▶ _Goal of the exercise_: Include no pictures. Output exactly the lines from the one that contains "Velký modrý slunečník" through the final line of the entries.

▶ _Exercise data_:

◆ ◆ ◆ ◆ ◆

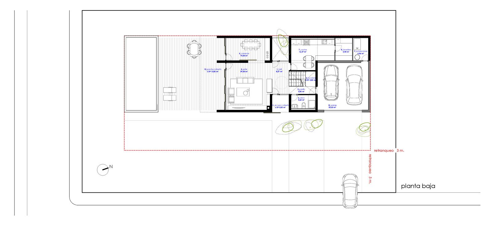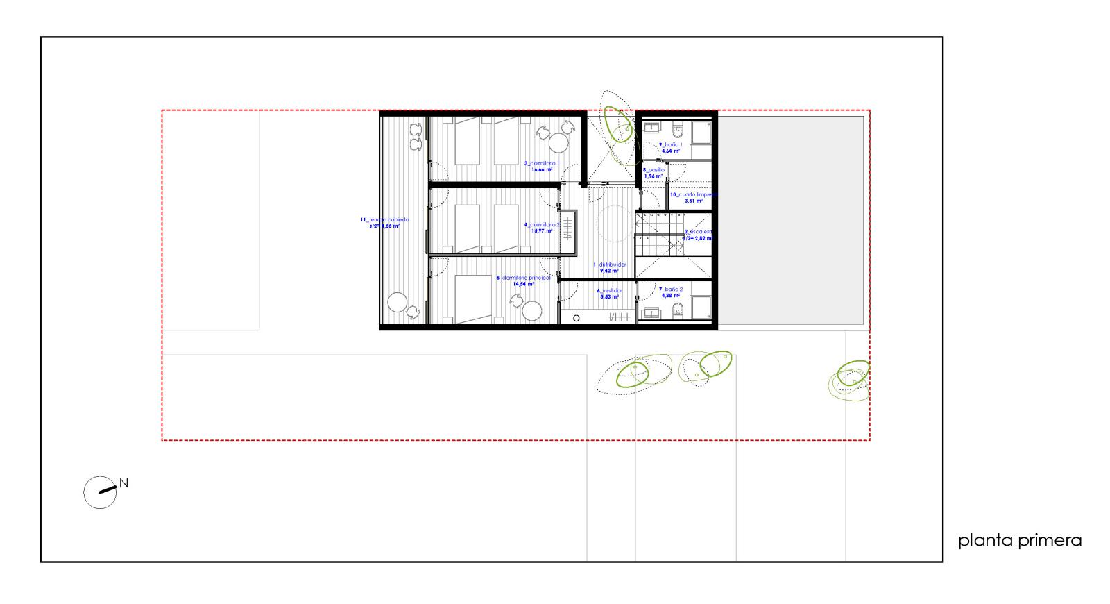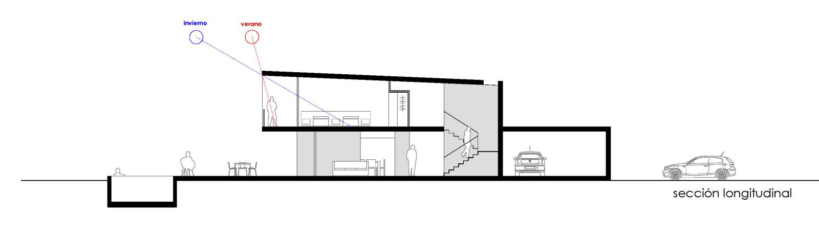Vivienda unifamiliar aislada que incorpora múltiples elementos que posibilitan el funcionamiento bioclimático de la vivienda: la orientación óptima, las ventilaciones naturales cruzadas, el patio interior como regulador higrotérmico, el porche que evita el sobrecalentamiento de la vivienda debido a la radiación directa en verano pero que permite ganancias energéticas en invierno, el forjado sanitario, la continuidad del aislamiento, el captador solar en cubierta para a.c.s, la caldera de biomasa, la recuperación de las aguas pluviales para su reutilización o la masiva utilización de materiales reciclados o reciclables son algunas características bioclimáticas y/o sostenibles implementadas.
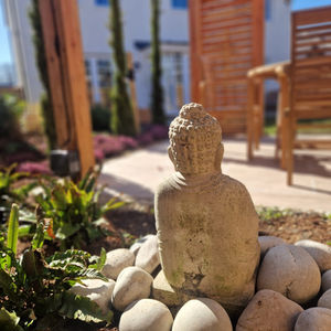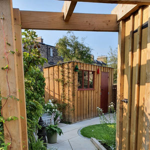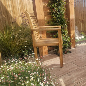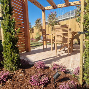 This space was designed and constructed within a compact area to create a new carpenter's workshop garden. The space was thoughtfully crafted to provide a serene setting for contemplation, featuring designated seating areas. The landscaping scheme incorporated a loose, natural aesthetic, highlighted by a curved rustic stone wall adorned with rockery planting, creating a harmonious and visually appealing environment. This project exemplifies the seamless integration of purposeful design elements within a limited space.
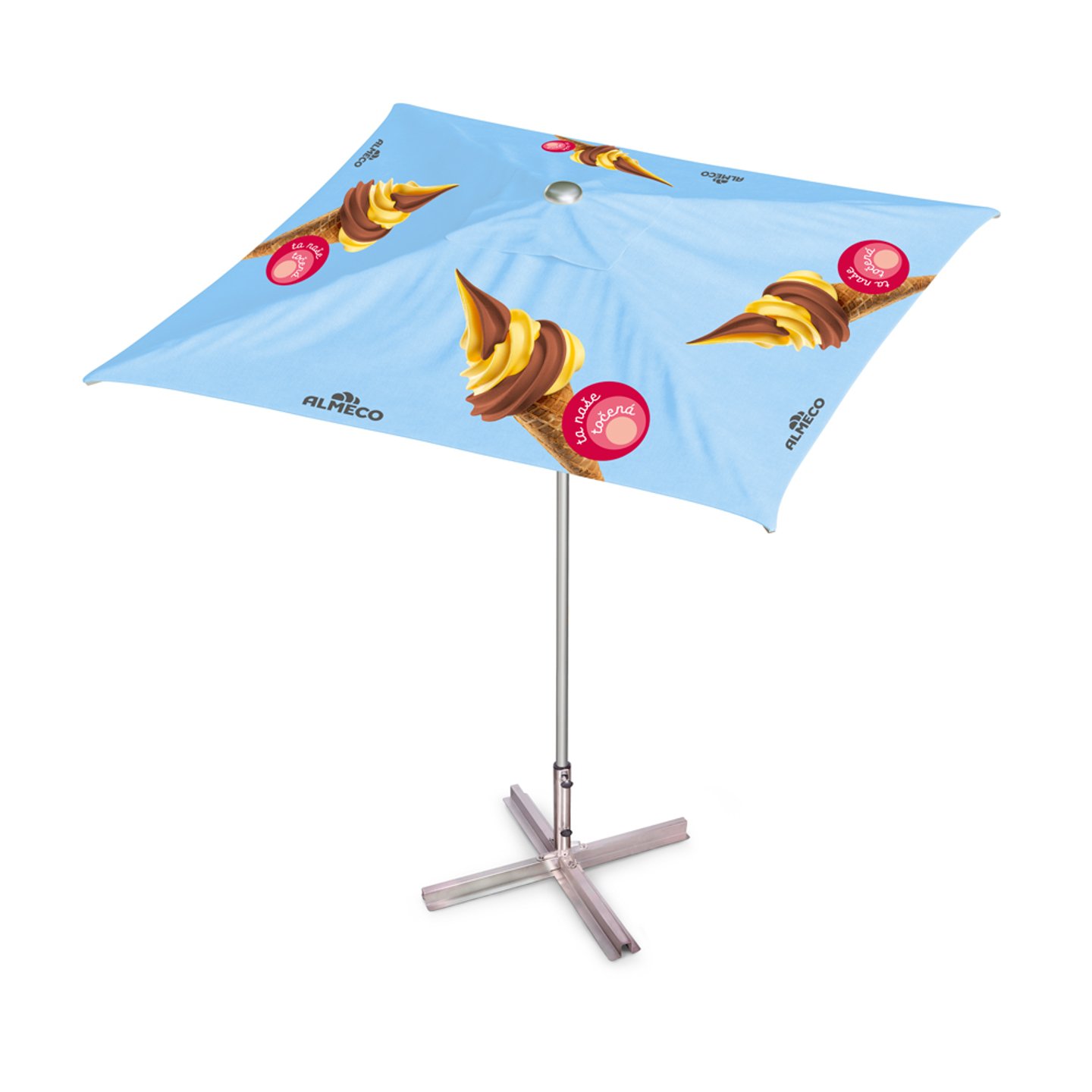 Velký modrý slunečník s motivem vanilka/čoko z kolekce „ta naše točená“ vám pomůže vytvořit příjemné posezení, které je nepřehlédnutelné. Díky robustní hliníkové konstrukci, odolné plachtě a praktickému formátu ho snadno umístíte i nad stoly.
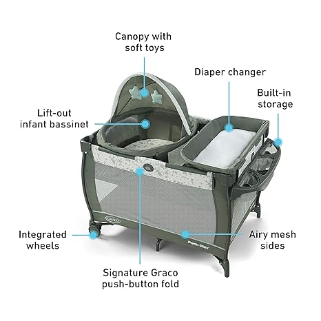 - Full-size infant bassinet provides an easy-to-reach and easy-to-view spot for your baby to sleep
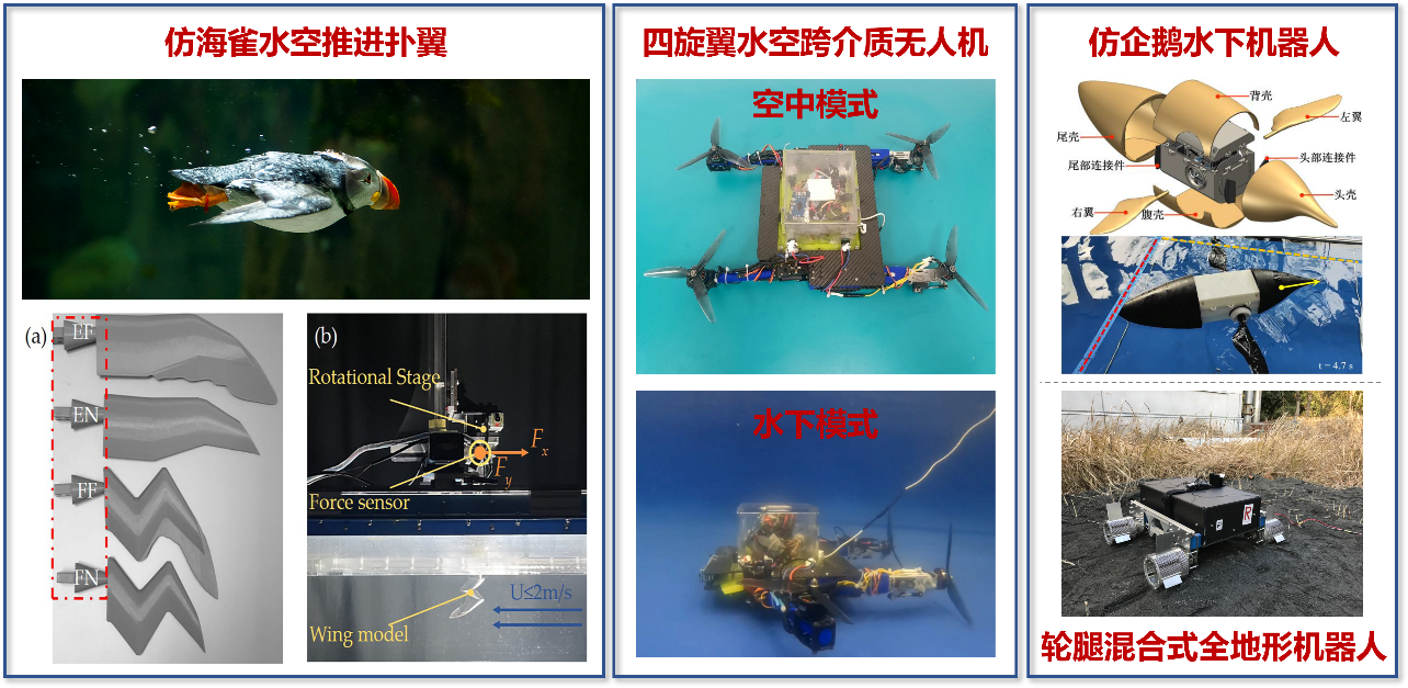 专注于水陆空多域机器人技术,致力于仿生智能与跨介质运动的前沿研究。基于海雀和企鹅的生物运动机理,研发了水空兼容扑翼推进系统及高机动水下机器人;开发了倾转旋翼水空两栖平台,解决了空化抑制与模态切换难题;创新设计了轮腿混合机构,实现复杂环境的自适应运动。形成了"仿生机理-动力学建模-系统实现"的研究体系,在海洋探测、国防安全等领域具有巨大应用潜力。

◆ ◆ ◆ ◆ ◆

▶ _Task solution_:
 Velký modrý slunečník s motivem vanilka/čoko z kolekce „ta naše točená“ vám pomůže vytvořit příjemné posezení, které je nepřehlédnutelné. Díky robustní hliníkové konstrukci, odolné plachtě a praktickému formátu ho snadno umístíte i nad stoly.
 - Full-size infant bassinet provides an easy-to-reach and easy-to-view spot for your baby to sleep
 专注于水陆空多域机器人技术,致力于仿生智能与跨介质运动的前沿研究。基于海雀和企鹅的生物运动机理,研发了水空兼容扑翼推进系统及高机动水下机器人;开发了倾转旋翼水空两栖平台,解决了空化抑制与模态切换难题;创新设计了轮腿混合机构,实现复杂环境的自适应运动。形成了"仿生机理-动力学建模-系统实现"的研究体系,在海洋探测、国防安全等领域具有巨大应用潜力。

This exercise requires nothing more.